Work request> Copy nothing from the entries below except the lines from the one containing "Крест нательный из" through the one containing "앞에 나무가 있어 텐트를", and copy those exactly.

Supplied data>

══════════════════════════════

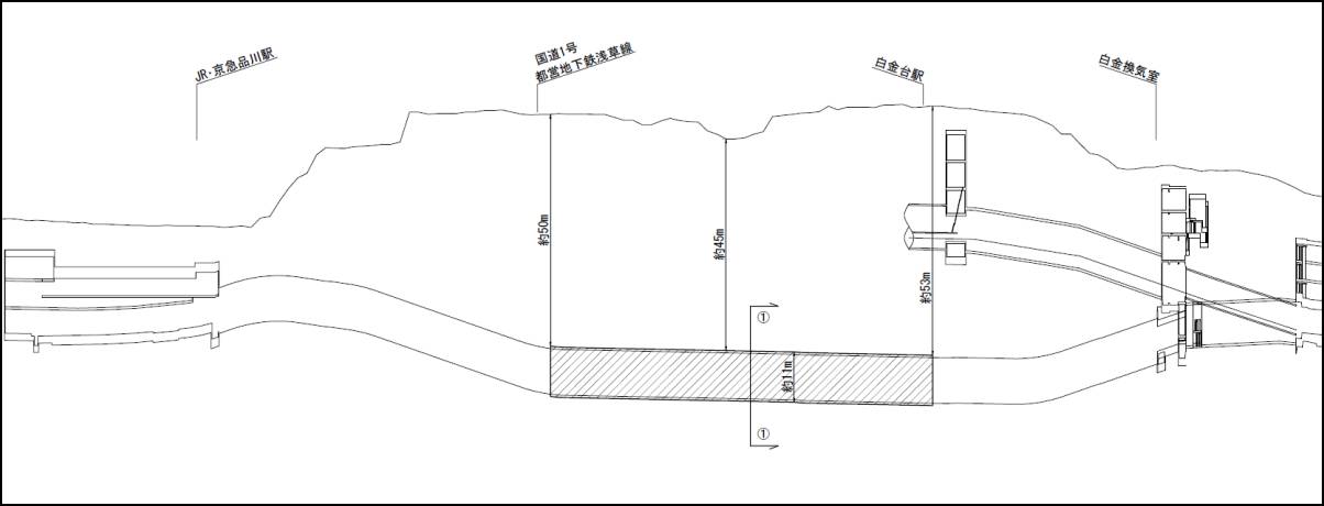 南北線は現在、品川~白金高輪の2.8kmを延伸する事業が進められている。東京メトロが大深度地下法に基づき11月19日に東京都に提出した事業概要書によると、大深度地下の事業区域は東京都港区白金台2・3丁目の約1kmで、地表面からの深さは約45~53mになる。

══════════════════════════════

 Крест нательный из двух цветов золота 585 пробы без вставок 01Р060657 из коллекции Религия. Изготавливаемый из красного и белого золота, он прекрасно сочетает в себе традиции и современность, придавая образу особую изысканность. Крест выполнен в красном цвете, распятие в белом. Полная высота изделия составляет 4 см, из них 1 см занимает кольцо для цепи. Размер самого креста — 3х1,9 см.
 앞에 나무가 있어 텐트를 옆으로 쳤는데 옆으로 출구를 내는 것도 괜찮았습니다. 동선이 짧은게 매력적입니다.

══════════════════════════════

Answer for the task>
 Крест нательный из двух цветов золота 585 пробы без вставок 01Р060657 из коллекции Религия. Изготавливаемый из красного и белого золота, он прекрасно сочетает в себе традиции и современность, придавая образу особую изысканность. Крест выполнен в красном цвете, распятие в белом. Полная высота изделия составляет 4 см, из них 1 см занимает кольцо для цепи. Размер самого креста — 3х1,9 см.
 앞에 나무가 있어 텐트를 옆으로 쳤는데 옆으로 출구를 내는 것도 괜찮았습니다. 동선이 짧은게 매력적입니다.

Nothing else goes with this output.